Russian Volunteer Troops Will Soon Hit The Ground In Syria

Russia’s involvement in the Syrian war continues to intensify as Russian officials indicate that “voluntary” ground troops will soon enter the region to complement the current airstrikes. The increasing number of Russian airstrikes continue to anger the United States and its allies in the Syrian conflict, especially after a Russian warplane invaded Turkey’s airspace over the weekend.

The addition of Russian ground troops severely compromises Turkey’s goal of creating a “safe zone” along the Turkey-Syria border where Syrian refugees could return in the future.

Russian officials point out that such volunteers “cannot be stopped.”

Both Russia and Iran have ramped up their efforts to support Syrian President Bashar al-Assad. By attacking Syrian groups that wish to remove al-Assad from office, Russia is effectively waging battles against groups backed and supported by the United States, Turkey and their allies. Several rebel factions who oppose al-Assad released a statement Monday that Russia’s “brutal occupation has cut the road to any political solution.”

Russia’s escalation of its military efforts in the region is happening simultaneously as the United States increases its efforts to thwart ISIS militant groups. Although both countries seek to destroy ISIS, the two differ in their definition of “terrorists.” Russia has stated that in addition to fighting ISIS, it is also attacking several rebel groups fighting al-Assad. Therein lies a major problem.

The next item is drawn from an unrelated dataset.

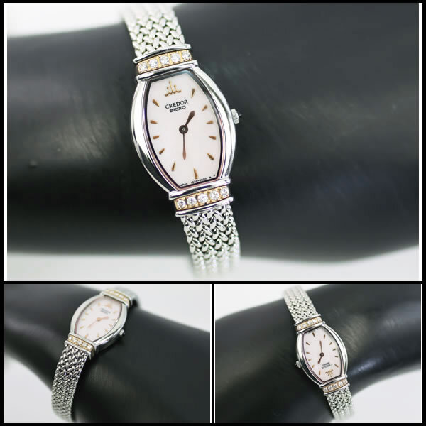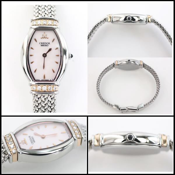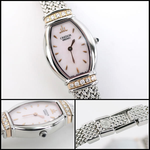 その他商品説明 フランス語で「黄金の頂き」を意味するセイコーのクレドールから、シルバーボディにピンクシェルダイヤルが大変美しい「クレドール シグノ」をご紹介します。当商品は世界に誇る国産時計メーカーであるセイコーの最高峰モデルであり、人気のトノー型ケースにきめ細かいメッシュデザインのブレスレットが絶妙にマッチしたモデルです。さらに、K18素材を使用した上下のラグ部分には上質なダイヤを5石ずつセットしており、より一層の高級感を演出しています。どんなファッションとも相性が良く、フォーマルからカジュアルまで幅広くマッチします。この機会に是非ご検討下さい。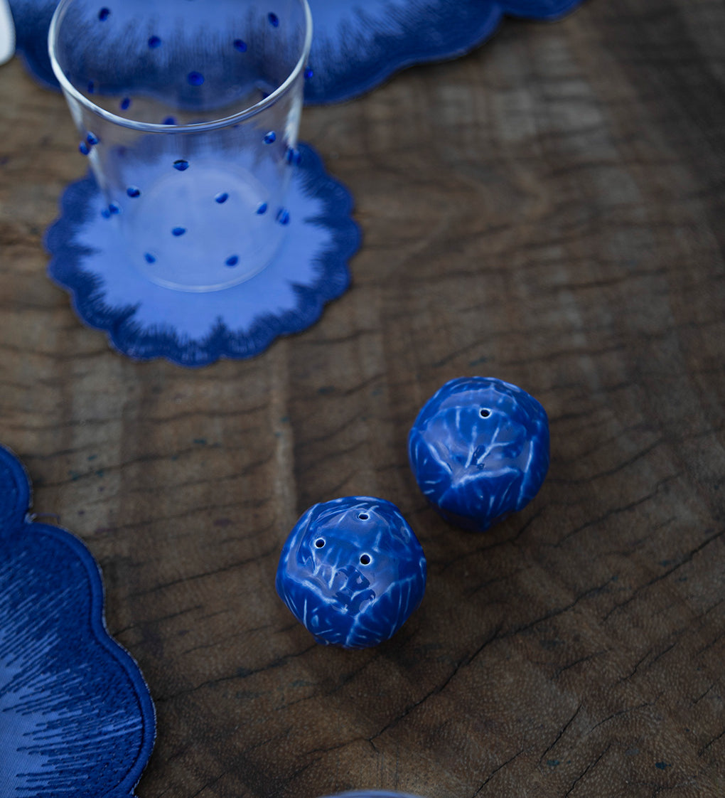 Bajoplato de Repollo Azul Cobalto. Set de 4

With respect to the Russian jet that flew over Turkish airspace, Turkish fighter jets quickly intercepted the warplane and escorted it out of the country. NATO issued a stern warning to Russia as the United States urgently consulted with Turkey.

NATO’s secretary general Jens Stoltenberg stated that Russia’s “mistake” was “an unacceptable violation” of Turkish airspace and that “Russia’s actions are not contributing to the security and stability of the region.”

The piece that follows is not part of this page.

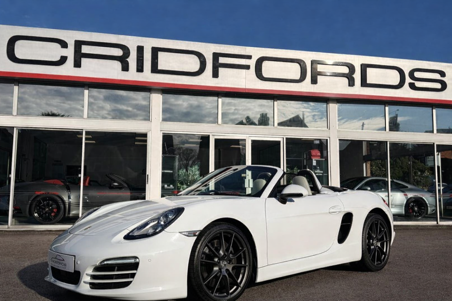A stunning 981 Porsche Boxster finished in Pure White, trimmed with full Agate and Pebble grey leather extended to the doors and dash. This comes equipped with PCM Porsche satellite navigation system, 20″ Carrera S alloys in Satin Platinum, sports seats, heated seats, sports tailpipe, BOSE surround sound system, LED daytime driving lights, multi function steering wheel in smooth leather, front and rear park assist, colour keyed rollover bar, embossed centre console lid, wind deflector, air conditioning and trip computer. Cridfords Ltd Independent Porsche Specialists since 1987, supplied with a full service history and 12 months warranty. Ask us about the Cridfords Care Package (available on cars up to 10 years old at point of sale) including an additional 12 months warranty and Gtechniq ceramic coating for only £1,295. Finance available from 6.9% APR and part exchange welcome.

One American official opined that, “I don’t believe this was an accident. Along with quite a bit of Russia’s behavior, this just affirms our deep concern over what they’re doing,” and that Russia’s behavior “raises questions about basic safe conduct in the skies.”

Another official called Russia’s behavior “deliberately provocative.”

Turkey’s President Recep Erdogan echoes these sentiments and told reporters over the weekend that, “The steps Russia is taking and the bombing campaign in Syria are quite unacceptable to Turkey. Unfortunately, Russia is making a grave mistake.”

Turkey’s Prime Minister Ahmet Davutoglu indicated that Russia said its violation of Turkish airspace was a mistake and that it would not happen again. Davutoglu told reporters that, “I should express it clearly, even if it is Syria, Russia or any other country’s planes, Turkey’s military engagement rules are valid for all.”

Despite all the warnings, Russia does not indicate any willingness to back down. Russian official Andrei Kartapolov told reporters that, “Our airstrikes will not only continue, but grow in intensity.”

It remains to be seen how the the world’s two biggest superpowers will resolve their differences.